I’m afraid my friend group will kick me out if I tell them my political views.
Between you and me, it’s difficult to figure out what’s red, blue or purple. First, if you’re not sure what color they are, test out the waters with a question, like: “So how about that LGBTQ SC library book display?” or “what’s your favorite amendment?” And if your friend responds with “yassssssss, slay queen!” or “deer hunting season already?” then you probably know where they stand. Second, soft launch your own beliefs, but don’t associate with a party. At the core of politics—under jokes, ads, and tension—is the hope for a brighter, more colorful America. Ultimately, a more politically diverse friend group is better and you should be accepted no matter your beliefs. Purple is the best color anyway.

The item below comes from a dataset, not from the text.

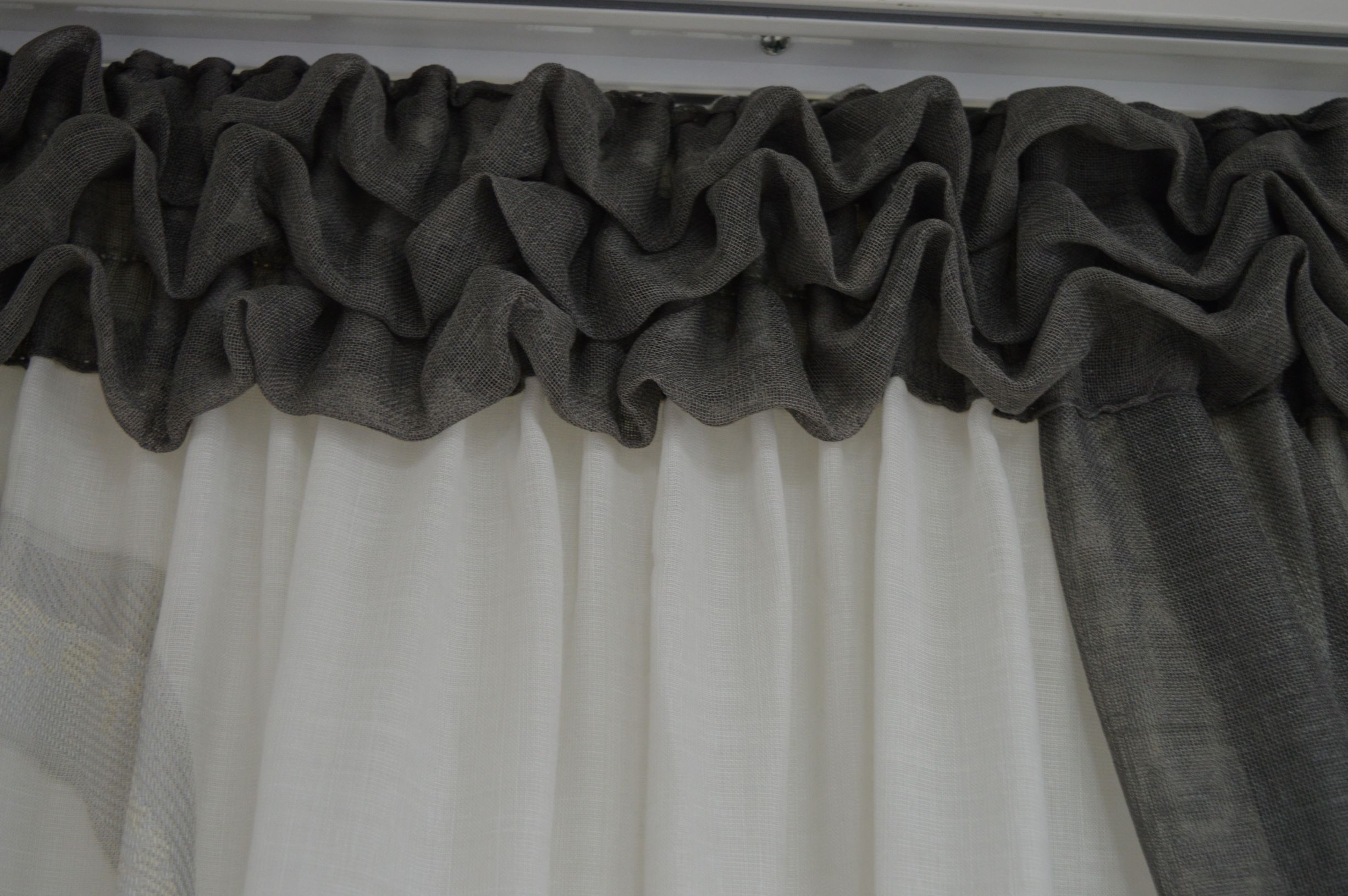Tenda Sartoriale fantasia e tinta unita fondo naturale con fantasia grigio e tortora sopra e laterale tinta unita grigio scuro sistema sbruffetto composizione 100% poliestere Produzione made in Italy. La tenda è già pronta da appendere con gancetti proboscide adatta a qualsiasi misura che rientra in una larghezza min cm160 max 230 altezza cm 285 adattabile a qualsiasi bastone.

There’s a girl trying to join my friend group but we all think she’s weird. How do we politely reject her?
Between you and me, if your original description of her was so bad I had to begrudgingly censor it, then maybe it’s time to check yourself. Being nice to people isn’t some chore you’re forced to do by your mom, it’s common decency. And don’t pretend side-eyes and snickering behind her back is you being nice. Your second grade teacher and I know that deep, deep, deep down you can find it in yourself to take a deep breath, smile at her and ask her about her day.

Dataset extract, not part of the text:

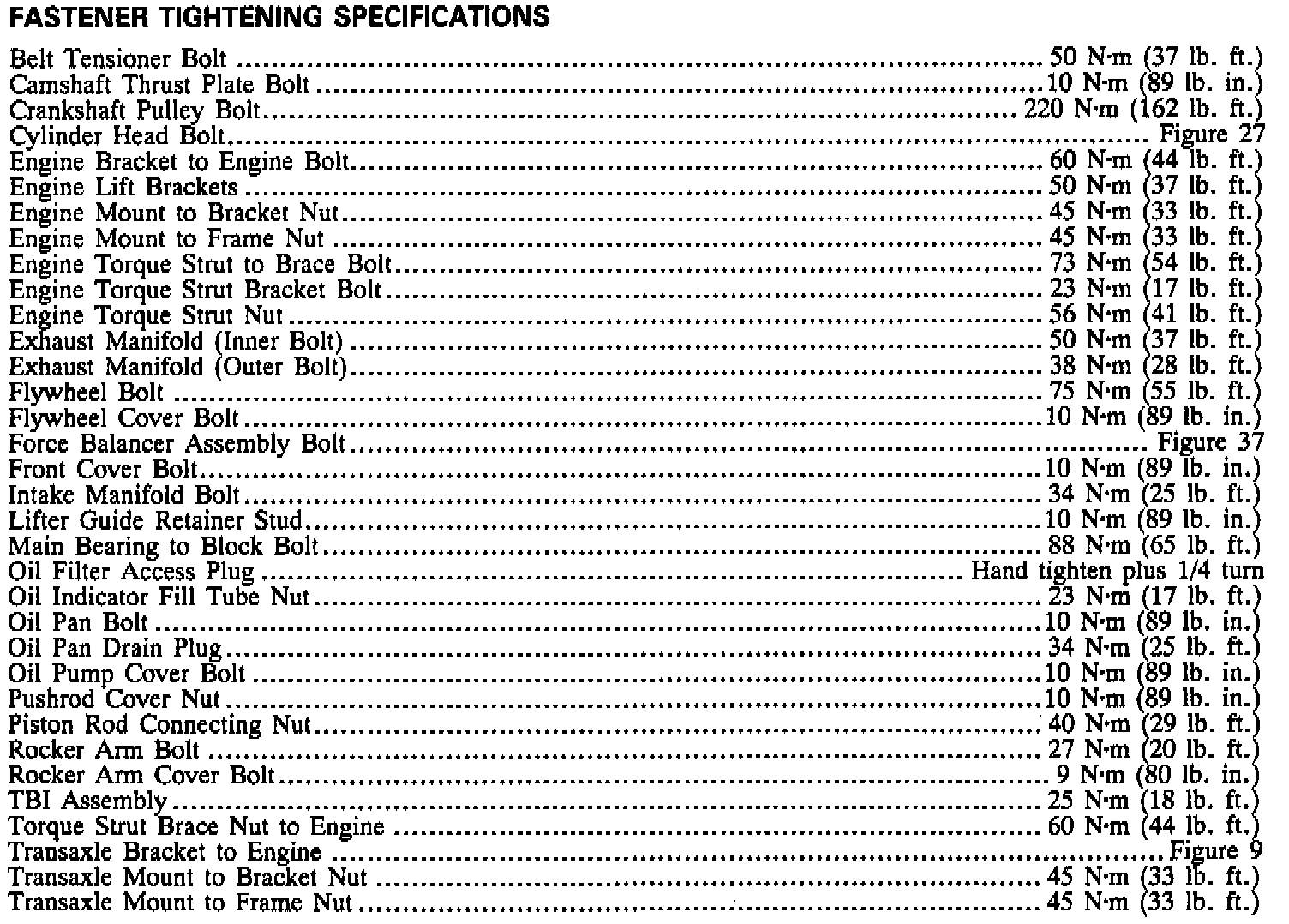 Torque Specifications:

I miss my ex-girlfriend, but she probably hates me. How do I win her back?
Between you and me, leave her alone.
I feel bad about using ChatGPT, but I can’t stop. What should I do?
Between you and me, are six dead fish worth asking ChatGPT how many “r”s are in strawberry for the seventh time? Probably, it’s pretty entertaining. But if you don’t want this entire world to go belly up, maybe cancel that $19.99 subscription you split with a random college student, your best friend from second grade, and your grandma. Microsoft Copilot, Google’s Gemini, and ChatGPT: pick your poison, but be careful because Quillbot’s AI Humanizer has recently been blocked (not that I’m salty or anything). You don’t need me to tell you that AI is bad for our environment: AI can burn through about 2 million liters of water per day, as reported by the International Energy Agency (IEA). Hence the dead fishies, dolphins, turtles, whales, sea otters, and birds. But AI also grows economies, improves public services, and—most importantly—tells me Delta Math is stupid and I can just marry rich. Overall, you have to take a long hard look in the mirror—like 30 seconds because Subway Surfers cooked your attention span—and ask yourself if the environment matters more than your productivity.